Prior to 1983, all railroad retirement benefits were tax exempt. Due to fiscal necessities, Congress imposed taxes on Social Security benefits and railroad retirement benefits beginning in 1983. Ernzen v. United States, supra.
Tier I benefits are taxed in the same manner as Social Security benefits. Tier II benefits are analogous to private pensions. Ernzen v. United States, supra. Tier II benefits are treated for tax purposes as private pensions which meet the requirements of section 401(a). Sec. 72(r)(1). Section 401(a) pensions are treated as annuities and are taxable to the recipient. Sec. 402(a). Ernsen v. United States, supra.
Petitioner argues that Congress erred in the way it taxed railroad retirement benefits and therefore to tax such benefits is unconstitutional.
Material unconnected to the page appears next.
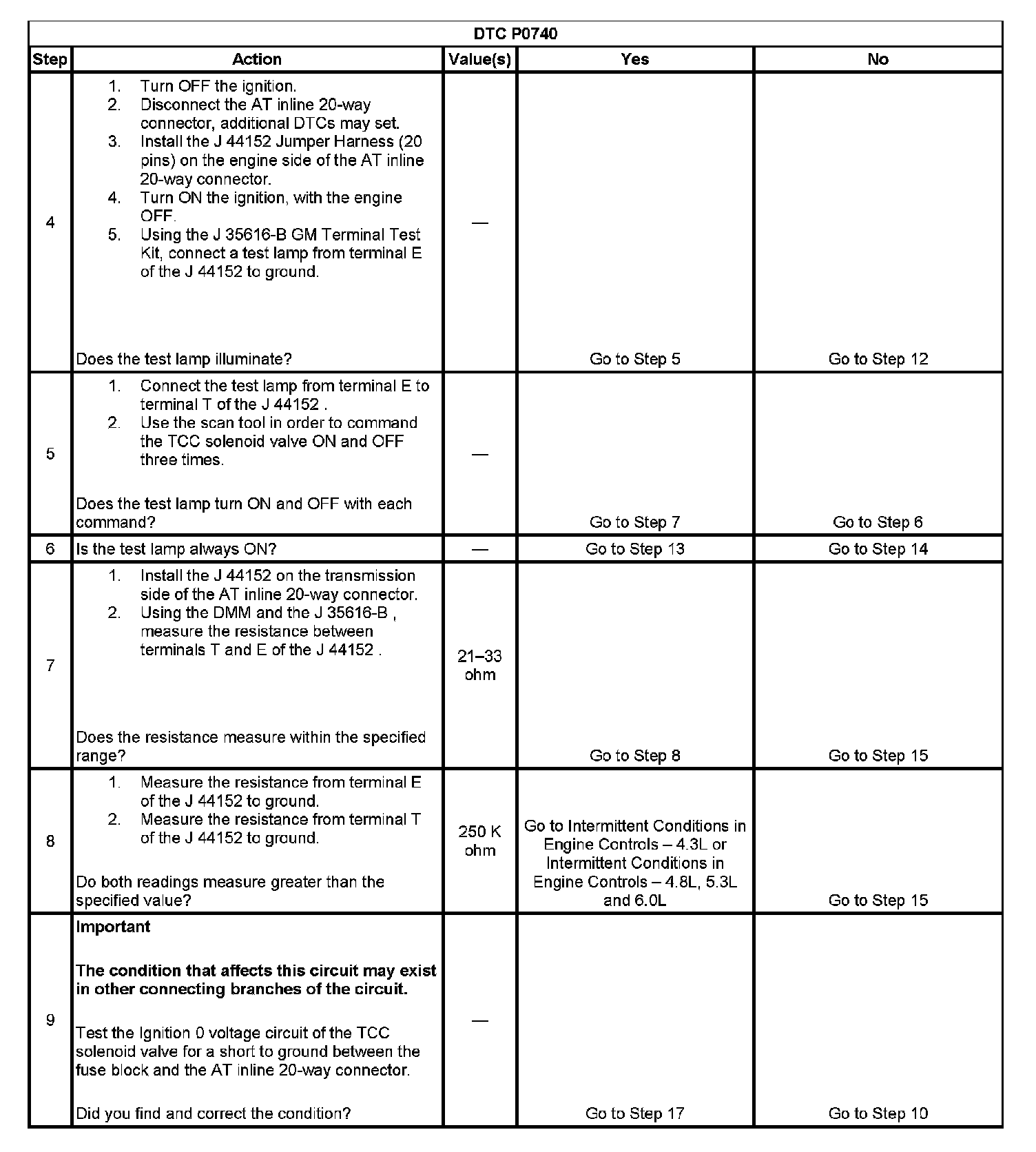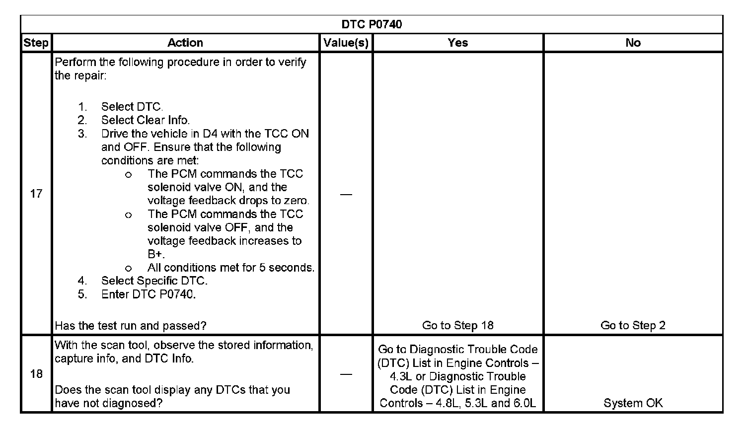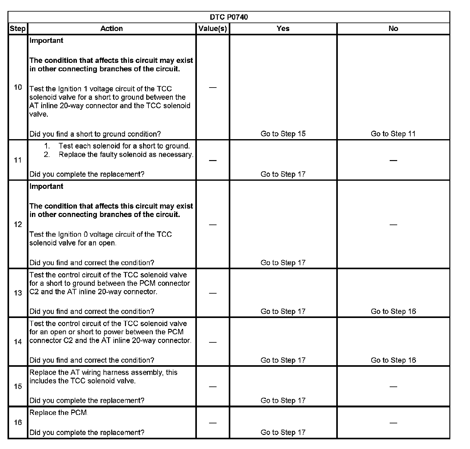 When the PCM detects a continuous open, short to ground or short to power in the TCC solenoid valve circuit, then DTC P0740 sets. DTC P0740 is a type B DTC.

We cannot agree. "Normally, a legislative classification will not be set aside if any state of facts rationally justifying it is demonstrated to or perceived by the courts." United States v. Maryland Savings-Share Ins. Corp. [70-2 USTC ╤ 9653], 400 U.S. 4, 6 (1970). It must be remembered that "Legislatures have especially broad latitude in creating classification and distinctions in tax statutes." Regan v. Taxation With Representation of Washington [83-1 USTC ╤ 9365], 461 U.S. 540, 547 (1983). Lastly, Social Security and railroad benefits may be altered or eliminated at any time by Congress. U.S. Railroad Retirement Bd. v. Fritz, 449 U.S. 166, 174 (1980).
Both the Ninth Circuit in Ernzen v. United States, supra, and the Seventh Circuit in Wallers v. United States [88-2 USTC ╤ 9441], 847 F.2d 1279 (1988), have considered arguments like petitioner's and have held that the taxation of railroad pensions is constitutional. The Ninth Circuit, in Ernzen v. United States [89-1 USTC ╤ 9331], 875 F.2d at 231, explained that:
In 1983, Congress determined it necessary to remedy the severe financial problems facing the railroad retirement system. Consequently, the Solvency Act was passed "to ensure the solvency of the railroad retirement system and prevent large benefit cuts to one million retirees." H.R. Rep. No. 30, 98th Cong., 1st Sess., pt. I, at 14, reprinted in 1983 U.S. Code Cong. & Admin. News 729, 730. Thus, the purpose of the Solvency Act was legitimate because Congress acted with the intention to protect the railroad retirement system from insolvency. See, e.g., United States Railroad Retirement Bd. v. Fritz, 449 U.S. 166, 177 (1980). [Footnote omitted.]
The Ninth Circuit went on to hold that 1983 legislation was rationally related to preventing the railroad retirement system's insolvency and thus was constitutional. Therefore, petitioner's constitutional argument fails.
Petitioner did not prove that the Form RRB-W-2P was incorrect, or that his pension benefits received due to a disability are not subject to tax. Section 72(r)(1) provides that:
IN GENERAL.≈Notwithstanding any other provision of law, any benefit provided under the Railroad Retirement Act of 1974 (other than a tier 1 railroad retirement benefit) shall be treated for purposes of this title as a benefit provided under an employer plan which meets the requirements of section 401(a).
There is no merit to petitioner's assertion. Accordingly, respondent's determination must be sustained.
Decision will be entered for the respondent.